____ Extracted material

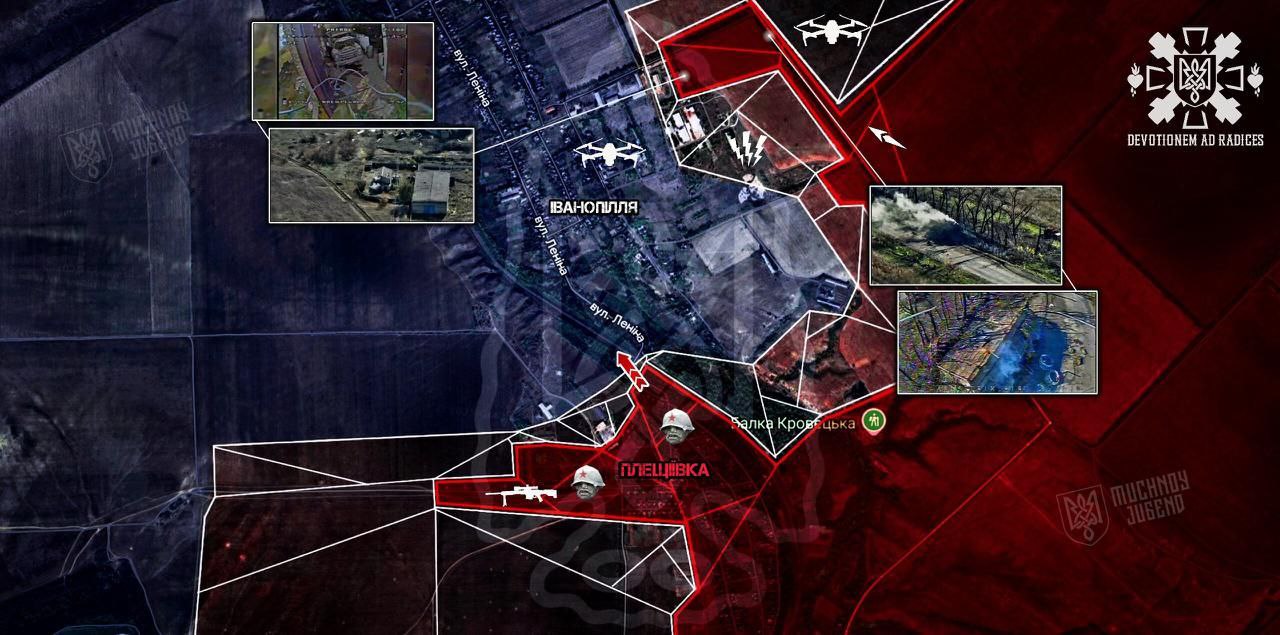 "Мучной" также пишет, что обстановка в городе продолжает обостряться, "противник плотно взялся за Покровск и развивает наступление сразу с нескольких опорных точек, пытаясь замкнуть кольцо вокруг наших позиций". Он пишет, что россияне заняли территорию Динасового завода ближе к северной части города, "и теперь этот район находится в красной зоне".
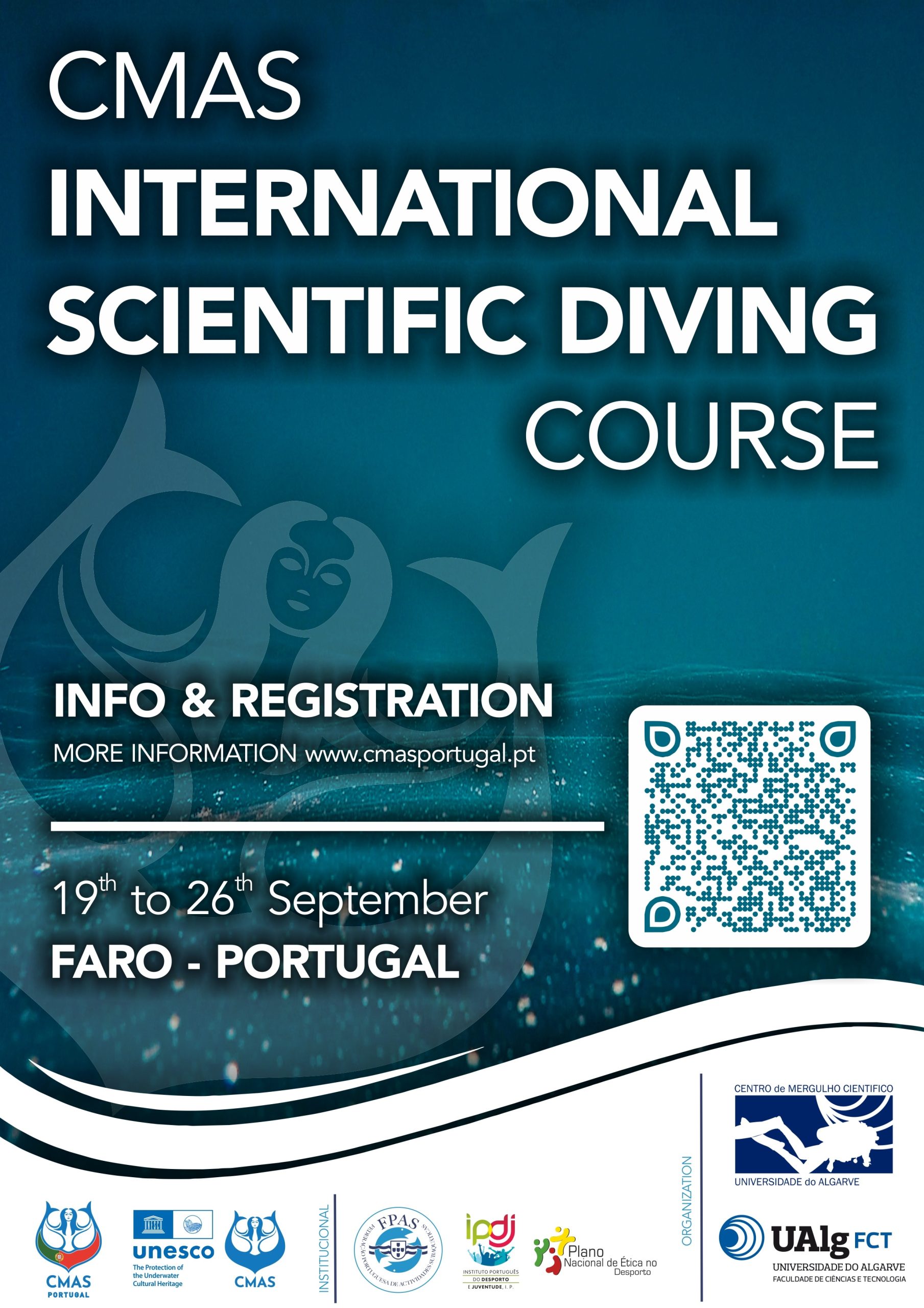 We are delighted to invite you to the CMAS International Scientific Diving Course, taking place in the beautiful city of Faro, Algarve, Portugal, from 19th to 26th September 2025.
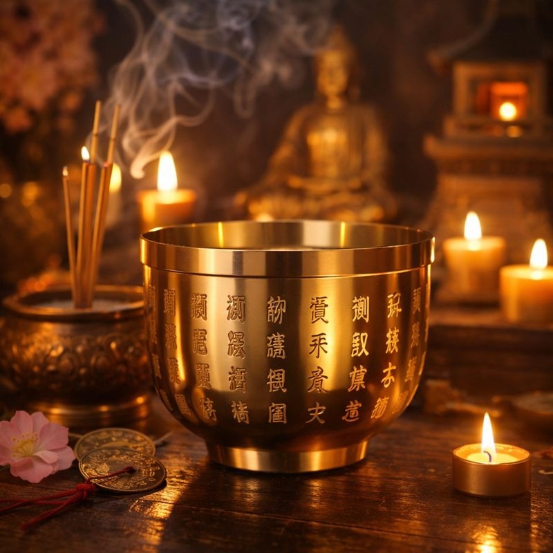 Le Bol Feng Shui des Cent Bénédictions est un objet symbolique traditionnel chinois, finement travaillé en cuivre doré, orné de caractères représentant les bénédictions, la prospérité et l’harmonie.
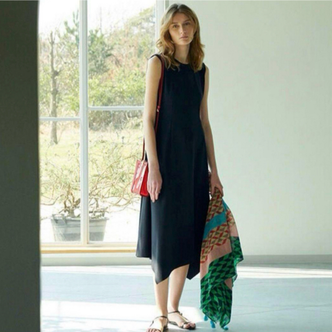 - 美品 セオリーリュクス ロングフレアワンピース アシンメトリー ランダムヘム ノースリーブ 速乾 ブラック 黒 38サイズ 洗える Theory luxe
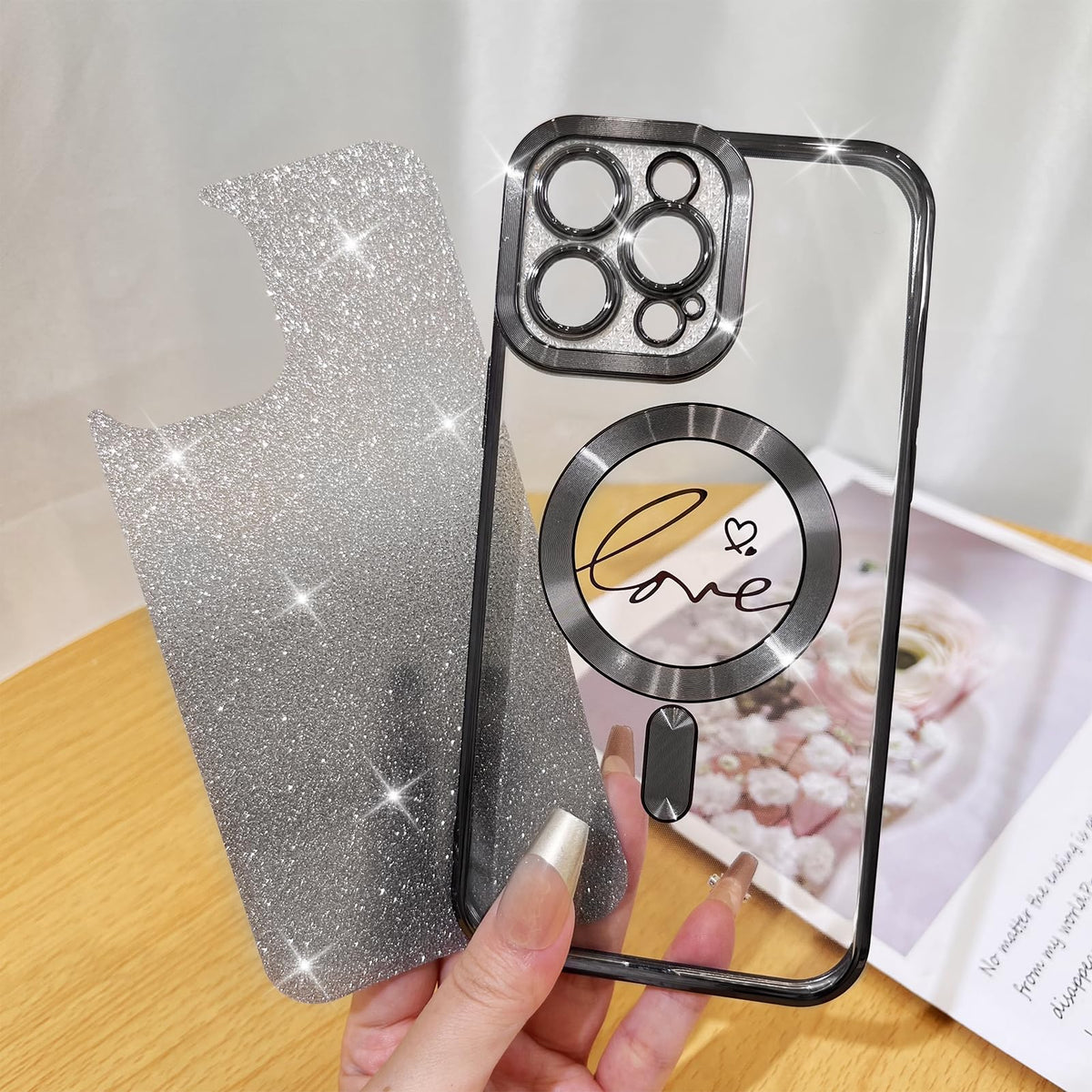 Fiyart Compatible With Iphone 12 Pro Case ,Compatible With Magsafe Love Heart Plating Camera Protection Clear Phone Case, Magnetic Glitter For Women Girls Shockproof Back Bumper 6.1''-Black Features: Compatible With Wireless Charging. Electroplated Love Design:New Upgraded Durable Printing Technology Makes Your Phone Different And Eyes. Keep The Back And Side Of Your Device From Scratches, Scrapes And Fingerprints And Yet Durable & Lightweight Case. Good Gifts For Women Girls Men. Package Includes: 1X Case Cover For Iphone 12 Pro

________

▶ Assigned task: Omit the pictures, then copy out all the data exactly as it stands.

▶ Exercise output:
 "Мучной" также пишет, что обстановка в городе продолжает обостряться, "противник плотно взялся за Покровск и развивает наступление сразу с нескольких опорных точек, пытаясь замкнуть кольцо вокруг наших позиций". Он пишет, что россияне заняли территорию Динасового завода ближе к северной части города, "и теперь этот район находится в красной зоне".
 We are delighted to invite you to the CMAS International Scientific Diving Course, taking place in the beautiful city of Faro, Algarve, Portugal, from 19th to 26th September 2025.
 Le Bol Feng Shui des Cent Bénédictions est un objet symbolique traditionnel chinois, finement travaillé en cuivre doré, orné de caractères représentant les bénédictions, la prospérité et l’harmonie.
 - 美品 セオリーリュクス ロングフレアワンピース アシンメトリー ランダムヘム ノースリーブ 速乾 ブラック 黒 38サイズ 洗える Theory luxe
 Fiyart Compatible With Iphone 12 Pro Case ,Compatible With Magsafe Love Heart Plating Camera Protection Clear Phone Case, Magnetic Glitter For Women Girls Shockproof Back Bumper 6.1''-Black Features: Compatible With Wireless Charging. Electroplated Love Design:New Upgraded Durable Printing Technology Makes Your Phone Different And Eyes. Keep The Back And Side Of Your Device From Scratches, Scrapes And Fingerprints And Yet Durable & Lightweight Case. Good Gifts For Women Girls Men. Package Includes: 1X Case Cover For Iphone 12 Pro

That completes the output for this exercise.